Having a sense of how time, consistency and fault tolerance have been explained and handled is (I think) a prerequisite to more advanced topics, but I'd be interested in hearing what parts you'd feel need improvement because some day (~ some years from now) - I will revise the book and it would be nice to have a solid list of issues to revise.

chubot · on Jan 3, 2014

I'm not sure exactly what the grandparent comment meant, but I think I have an idea. I only skimmed the contents so take this with a grain of salt.

Your book is focusing on a pretty narrow part of distributed computing. I would rename it "Managing State in Distributed Systems", or "Distributed Storage Systems". Your examples are Bigtable and Dynamo, which fall in this category.

The book seems to be aimed at sort of a "beginning" audience. But the topics are inappropriate for a beginning audience, and skewed for an expert audience.

Real distributed systems try to be stateless wherever possible. You need "big computer science" to manage state in distributed systems, but most code in a distributed system should not manage state. These techniques should be confined to specialized storage systems.

Here are some examples of real world distributed systems that don't use the described techniques to manage state:

  - clusters of stateless web servers + single master database (99%+ of websites people use)
  - message queue / work queue.  A single machine can productively manage 1,000 - 10,000 stateless workers, depending on the workload.
  - MapReduce
  - Original GFS
  - Napster
  - BitTorrent (tracker and trackerless would be interesting to write about)
  - BitCoin

The title seems to imply a practical bent, but it seems more like a collection of ideas (which are important and interesting, but not really what engineers need to know. IMO the #1 skill for distributed computing is to be competent at BOTH programming a single computer and at system administration).

If I wanted to be harsh, I would say it looks like you read a bunch of stuff and didn't work with it or implement it? At the very least, the ideas don't seem to be put in the context of commonly deployed distributed systems.

People need to understand these simpler, more robust, and more performant techniques, and how to apply them to their specific problem domain, rather than blindly throwing consensus at every problem (which is a disturbing trend I've seen).

throwawaykf03 · on Jan 3, 2014

It goes even beyond that. A lot of other very important, fundamental topics belong under the umbrella of distributed systems, starting with routing.

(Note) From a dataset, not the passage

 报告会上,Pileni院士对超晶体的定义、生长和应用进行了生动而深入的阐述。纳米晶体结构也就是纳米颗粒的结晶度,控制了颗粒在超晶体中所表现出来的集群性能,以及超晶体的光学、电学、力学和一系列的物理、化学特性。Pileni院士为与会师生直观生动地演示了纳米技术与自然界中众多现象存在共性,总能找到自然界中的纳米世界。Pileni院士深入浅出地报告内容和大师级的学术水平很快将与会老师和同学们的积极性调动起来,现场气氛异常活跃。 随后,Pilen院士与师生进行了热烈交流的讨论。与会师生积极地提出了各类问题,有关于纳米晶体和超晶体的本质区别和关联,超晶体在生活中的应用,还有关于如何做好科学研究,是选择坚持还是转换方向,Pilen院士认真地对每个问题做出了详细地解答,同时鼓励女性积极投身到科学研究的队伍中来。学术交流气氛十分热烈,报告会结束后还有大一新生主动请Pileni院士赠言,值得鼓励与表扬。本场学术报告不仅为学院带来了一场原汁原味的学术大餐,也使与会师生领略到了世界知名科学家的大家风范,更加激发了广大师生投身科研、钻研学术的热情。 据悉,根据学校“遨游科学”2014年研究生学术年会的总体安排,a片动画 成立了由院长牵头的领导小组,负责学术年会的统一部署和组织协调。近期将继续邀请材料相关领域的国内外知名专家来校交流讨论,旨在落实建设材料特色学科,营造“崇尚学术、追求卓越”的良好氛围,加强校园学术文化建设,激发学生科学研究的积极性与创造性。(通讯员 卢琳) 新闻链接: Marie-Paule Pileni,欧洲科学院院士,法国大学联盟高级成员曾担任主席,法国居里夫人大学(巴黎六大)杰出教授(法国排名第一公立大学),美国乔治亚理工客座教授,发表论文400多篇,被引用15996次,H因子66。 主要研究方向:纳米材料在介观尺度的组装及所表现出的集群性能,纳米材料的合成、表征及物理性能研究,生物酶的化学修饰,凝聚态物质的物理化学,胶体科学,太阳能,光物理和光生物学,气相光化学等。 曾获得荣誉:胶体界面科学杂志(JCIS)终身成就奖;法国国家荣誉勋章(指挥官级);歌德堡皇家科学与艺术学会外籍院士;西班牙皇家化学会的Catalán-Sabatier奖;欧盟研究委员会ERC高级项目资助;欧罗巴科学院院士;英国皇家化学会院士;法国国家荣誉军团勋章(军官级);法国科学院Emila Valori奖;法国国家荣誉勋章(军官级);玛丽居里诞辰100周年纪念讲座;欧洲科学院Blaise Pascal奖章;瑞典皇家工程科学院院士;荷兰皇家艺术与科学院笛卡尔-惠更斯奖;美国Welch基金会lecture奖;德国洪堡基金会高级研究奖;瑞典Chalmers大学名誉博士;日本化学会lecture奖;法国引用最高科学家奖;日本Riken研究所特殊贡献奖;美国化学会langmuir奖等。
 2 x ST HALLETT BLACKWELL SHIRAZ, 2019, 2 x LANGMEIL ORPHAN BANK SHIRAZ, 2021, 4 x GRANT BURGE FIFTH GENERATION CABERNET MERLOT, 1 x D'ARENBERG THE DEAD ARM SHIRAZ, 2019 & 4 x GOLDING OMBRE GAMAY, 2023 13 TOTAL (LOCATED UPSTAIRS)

The Internet is, after all, a giant distributed routing system.

Another topic that's huge all by itself is peer-to-peer networks, and all their associated aspects, such as structured (DHTs like Chord, Cassandra, etc.) vs unstructured (Gnutella, Kazaa, etc.), P2P search, handling churn, handling peers with heterogenous capabilities, peer selection, topology organization, decentralized routing, file-sharing (torrents) vs streaming (PPLive, Spotify), etc.

Other topics (with several overlapping aspects) include:

- Security, such as Sybil attacks, group key management, etc;

- Overlay networks;

- CDNs;

- Ad hoc and mesh networks;

- MMOs and multiplayer games;

- SCADA and industrial control systems;

- Pub/Sub systems and application layer multicast;

- Distributed file systems;

- Load balancing and bandwidth management;

And that's just off the top of my head... I'm sure I'm missing other important topics.

strlen · on Jan 3, 2014

> It goes even beyond that. A lot of other very important, fundamental topics belong under the umbrella of distributed systems, starting with routing. The Internet is, after all, a giant distributed routing system.

Yes! DNS is also fascinating as far as distributed databases and consistency go:

http://pages.cs.wisc.edu/~akella/CS740/S08/740-Papers/MD88.p...

mixu · on Jan 3, 2014

Indeed, but ultimately covering all of those topics would require an incredible amount of time and effort. So I need to pick and choose my battles as some topics are more important or interesting to me than others. :)

throwawaykf03 · on Jan 3, 2014

Completely understand. But as chubot suggests, the topic of "Distributed Systems" is really broad and something narrower in the title, such as "Distributed Data Systems" may be more apt.

mixu · on Jan 3, 2014

> The title seems to imply a practical bent, but it seems more like a collection of ideas (which are important and interesting, but not really what engineers need to know. IMO the #1 skill for distributed computing is to be competent at BOTH programming a single computer and at system administration).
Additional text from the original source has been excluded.